■ **Problem to work on**: Transcribe the entries below word for word, beginning at the line with "The research explores" and stopping after the line with "Un porte-clé original"; drop all pictures.

--- Source material Enclosed Below ---

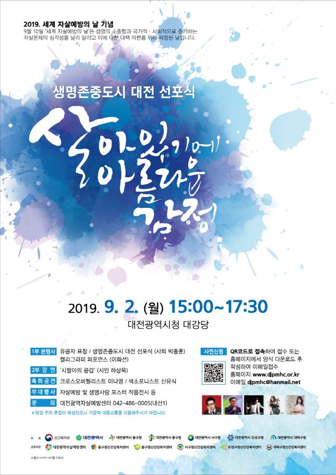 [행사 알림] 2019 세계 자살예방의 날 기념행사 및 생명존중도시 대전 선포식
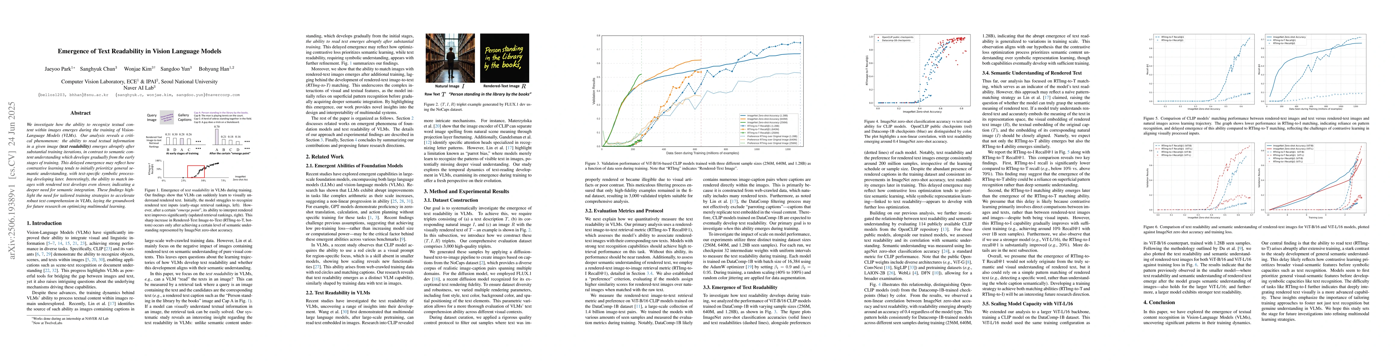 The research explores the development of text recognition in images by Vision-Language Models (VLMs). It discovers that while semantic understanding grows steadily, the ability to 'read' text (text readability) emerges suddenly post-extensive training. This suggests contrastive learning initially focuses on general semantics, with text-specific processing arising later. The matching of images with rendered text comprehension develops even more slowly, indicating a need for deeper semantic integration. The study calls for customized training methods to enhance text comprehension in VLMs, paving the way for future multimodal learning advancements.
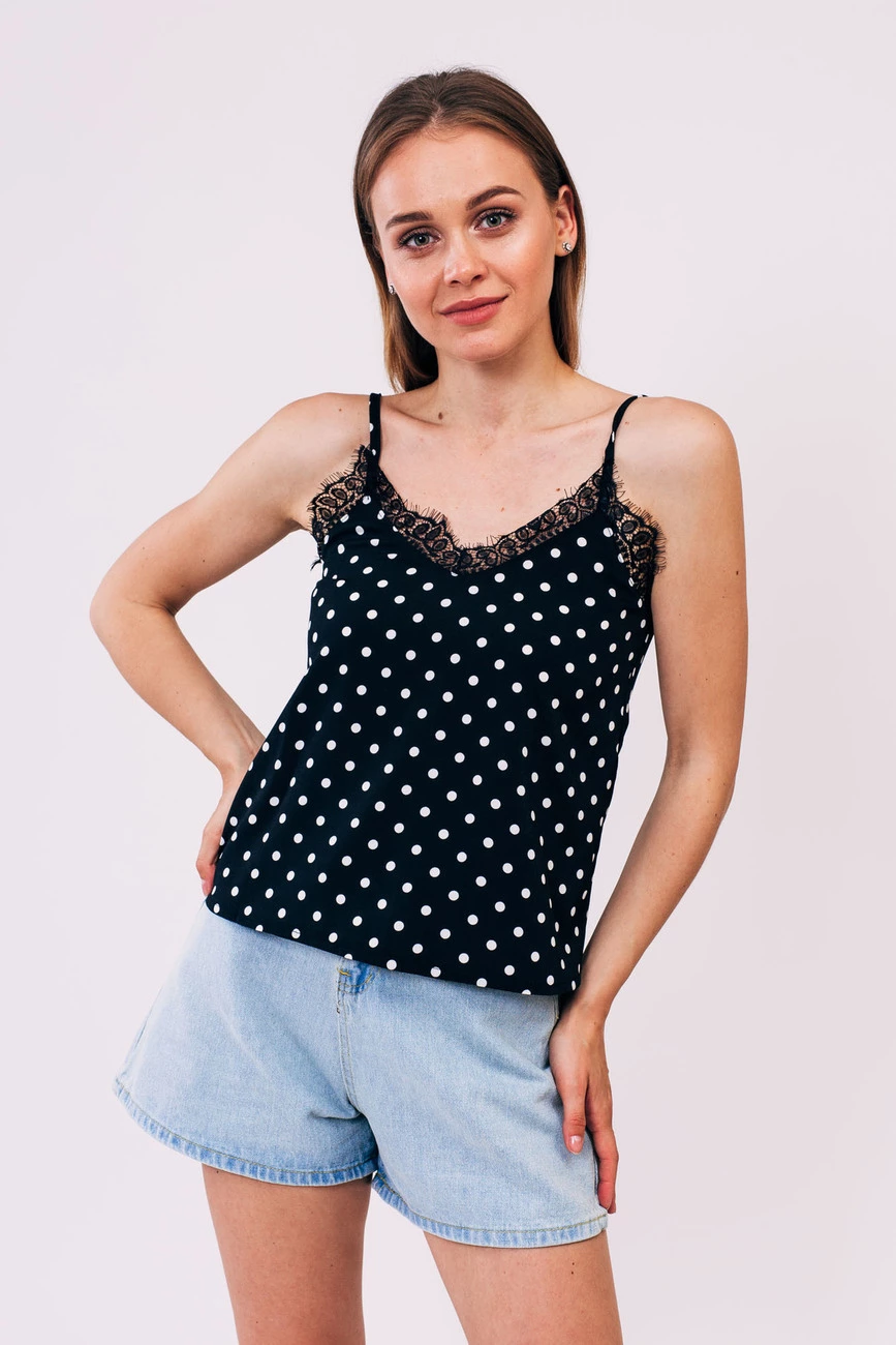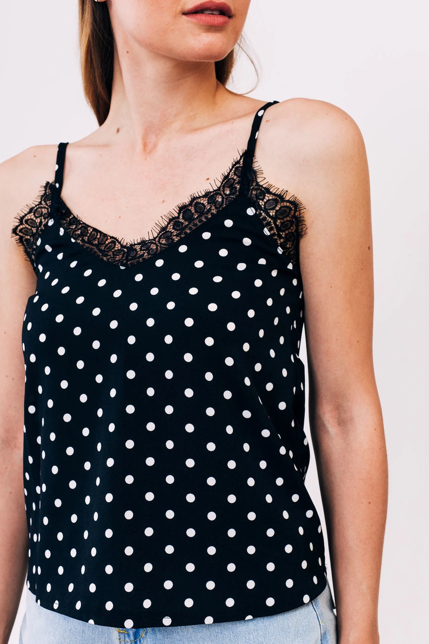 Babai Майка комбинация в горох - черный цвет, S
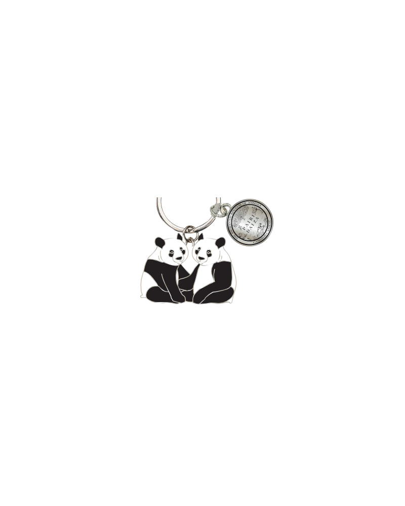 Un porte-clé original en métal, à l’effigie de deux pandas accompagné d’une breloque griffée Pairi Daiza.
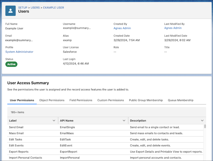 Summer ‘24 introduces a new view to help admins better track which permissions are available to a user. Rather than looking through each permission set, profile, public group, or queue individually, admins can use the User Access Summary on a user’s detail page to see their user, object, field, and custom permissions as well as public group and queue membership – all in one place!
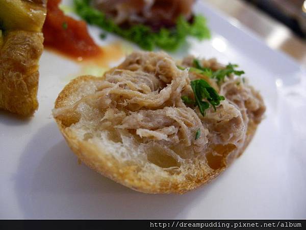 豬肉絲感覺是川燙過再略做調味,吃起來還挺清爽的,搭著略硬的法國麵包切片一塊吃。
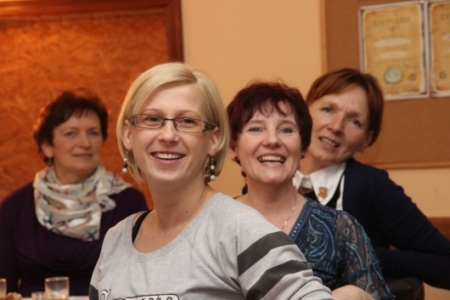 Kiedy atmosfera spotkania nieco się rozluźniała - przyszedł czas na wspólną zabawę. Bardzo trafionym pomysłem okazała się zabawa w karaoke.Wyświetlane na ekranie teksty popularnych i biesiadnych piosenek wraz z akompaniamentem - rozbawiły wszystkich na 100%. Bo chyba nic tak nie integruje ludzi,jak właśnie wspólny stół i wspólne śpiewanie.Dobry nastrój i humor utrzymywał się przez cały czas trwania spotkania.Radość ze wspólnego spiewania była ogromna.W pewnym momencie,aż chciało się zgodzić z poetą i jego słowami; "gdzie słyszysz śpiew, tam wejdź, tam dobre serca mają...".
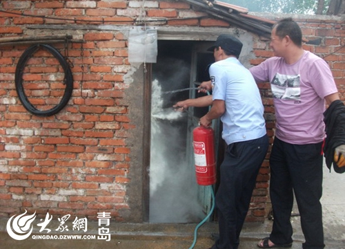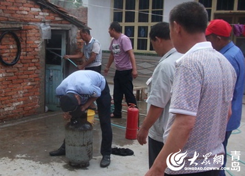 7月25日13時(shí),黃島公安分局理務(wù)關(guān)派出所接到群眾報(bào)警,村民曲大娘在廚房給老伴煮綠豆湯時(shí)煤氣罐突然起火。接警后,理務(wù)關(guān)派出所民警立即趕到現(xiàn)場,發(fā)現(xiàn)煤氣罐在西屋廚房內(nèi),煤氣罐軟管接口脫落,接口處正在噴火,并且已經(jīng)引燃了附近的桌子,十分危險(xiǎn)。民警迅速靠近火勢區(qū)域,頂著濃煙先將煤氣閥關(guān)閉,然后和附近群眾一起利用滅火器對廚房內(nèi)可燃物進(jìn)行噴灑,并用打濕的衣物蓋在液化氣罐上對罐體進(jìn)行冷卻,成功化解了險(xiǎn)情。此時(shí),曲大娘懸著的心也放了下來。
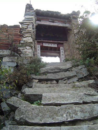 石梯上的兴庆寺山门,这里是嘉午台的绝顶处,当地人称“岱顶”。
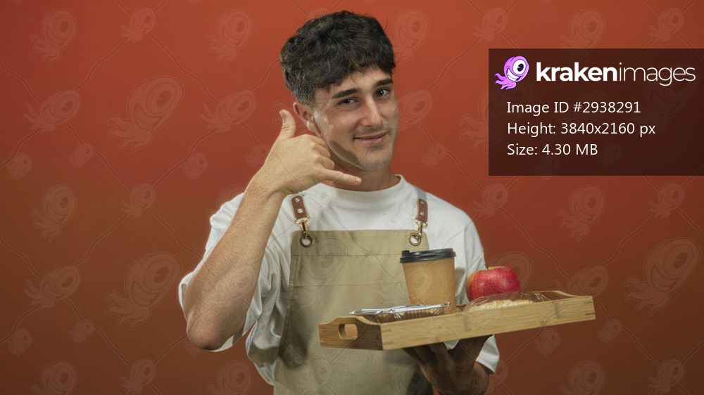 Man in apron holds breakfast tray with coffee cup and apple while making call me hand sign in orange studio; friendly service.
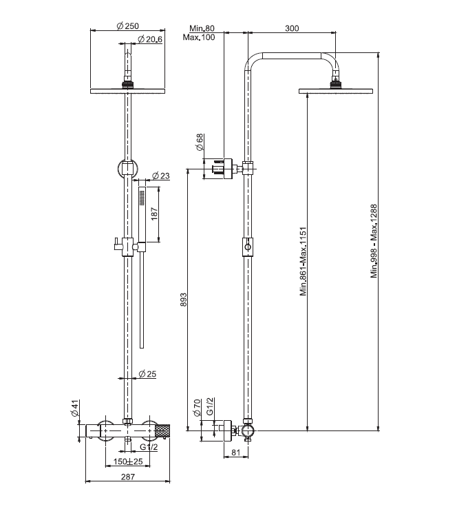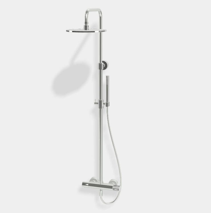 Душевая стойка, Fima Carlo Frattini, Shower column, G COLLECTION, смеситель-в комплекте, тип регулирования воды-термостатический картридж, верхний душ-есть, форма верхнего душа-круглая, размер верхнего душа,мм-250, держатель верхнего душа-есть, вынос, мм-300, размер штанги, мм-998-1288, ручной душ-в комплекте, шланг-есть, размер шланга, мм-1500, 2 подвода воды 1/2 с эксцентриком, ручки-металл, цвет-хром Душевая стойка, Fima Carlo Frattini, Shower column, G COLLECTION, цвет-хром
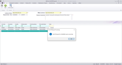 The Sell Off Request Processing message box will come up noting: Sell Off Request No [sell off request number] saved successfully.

--- End of Enclosed Source material ---

■ **Reply**:
 The research explores the development of text recognition in images by Vision-Language Models (VLMs). It discovers that while semantic understanding grows steadily, the ability to 'read' text (text readability) emerges suddenly post-extensive training. This suggests contrastive learning initially focuses on general semantics, with text-specific processing arising later. The matching of images with rendered text comprehension develops even more slowly, indicating a need for deeper semantic integration. The study calls for customized training methods to enhance text comprehension in VLMs, paving the way for future multimodal learning advancements.
 Babai Майка комбинация в горох - черный цвет, S
 Un porte-clé original en métal, à l’effigie de deux pandas accompagné d’une breloque griffée Pairi Daiza.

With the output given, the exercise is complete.